Transport control When a part or the like is transported using an unmanned transport vehicle, the following is performed. That is, taking assembling order 1 in the sub-line 2 as an example, a request command of “part number 11001, supply destination is 210” is input by input means such as a keyboard in the sub-line management system 6 by looking at the display contents of the display unit 62. input. This content is transmitted from the transmitting unit 61 to the supplier identification number 1
This is transmitted to the kit place management system 7 indicated by 1. Along with this, "Part number 01003, supply destination is 220"
Is transmitted from the transmission unit 61 to the warehouse management system 8 indicated by the supply source identification number 01. Then, the kit place management system 7 receives the above-mentioned request command, and in response thereto, sends a semi-finished product of the product number 11001 to the station 2 of the sub-line 2 indicated by 210.
A transport command for transporting by the automatic guided vehicle toward 10 is output to the transport control device 9. As a result, the traveling of the automatic guided vehicle is controlled as required, and the semi-finished product of the product number 11001 is transported to the station 210 of the sub line 2. Similarly, in the warehouse management system 8, in response to the input of the request command, the parts of the part number 01003 are unloaded from the automatic warehouse 0, placed on the automatic guided vehicle, and transported toward the station 220 of the sub-line 2 and transported. The command is output to the transport control device 9. As a result, the parts are unloaded from the automatic warehouse 0 and transported to the same station by the automatic guided vehicle.
Main line management system 5, Kit place management system 7
However, similarly, a request command is output to the preceding system,
The pre-stage system outputs a transfer command to the transfer control device 9 in response to the request command. As a result, the necessary material is conveyed quickly and accurately to the subsequent process.

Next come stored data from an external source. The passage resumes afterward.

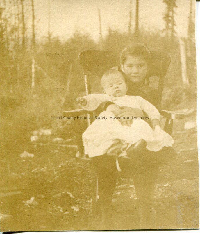 A photo of a young girl sitting on a wooden chair outside. The girl is holding a baby in a white outfit. The photo was taken in a clearing in the woods, there are trees in the background. There is writing on the back of the photo but it is not complete and illegible.
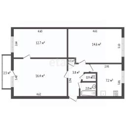 Общая площадь квартиры составляет 58,1 кв.м.
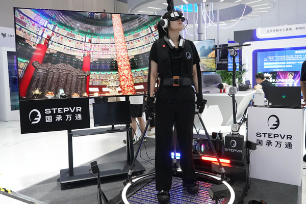 7月4日,在2023全球数字经济大会精品主题展现场,工作人员展示VR万向跑步机。

When the execution plan data 6a is input to the sub-line management system 6 instead of transmitting the request instruction via the input operation of the operator, the request instruction is automatically transmitted based on the data. It is also possible to carry out transmission.

Although the system in which the request command is input has been described on the assumption that parts and the like are in stock, the subline management system 6, the kit place management system 7, and the warehouse management system 8, in which the request command is input, have an output. It is conceivable to manage the number of stocks by counting the number of parts and the like, and to set a flag indicating "in stock, no stock". Then, even if the request command is input, if the "out of stock" flag is set, the contents of "rejection" may be sent back to the system that output the request command. Further, it is also possible to output a transfer command to the transfer control device 9 and, when the transfer is completed, send back the information of “conveyed” to the system that has output the request command (step 105).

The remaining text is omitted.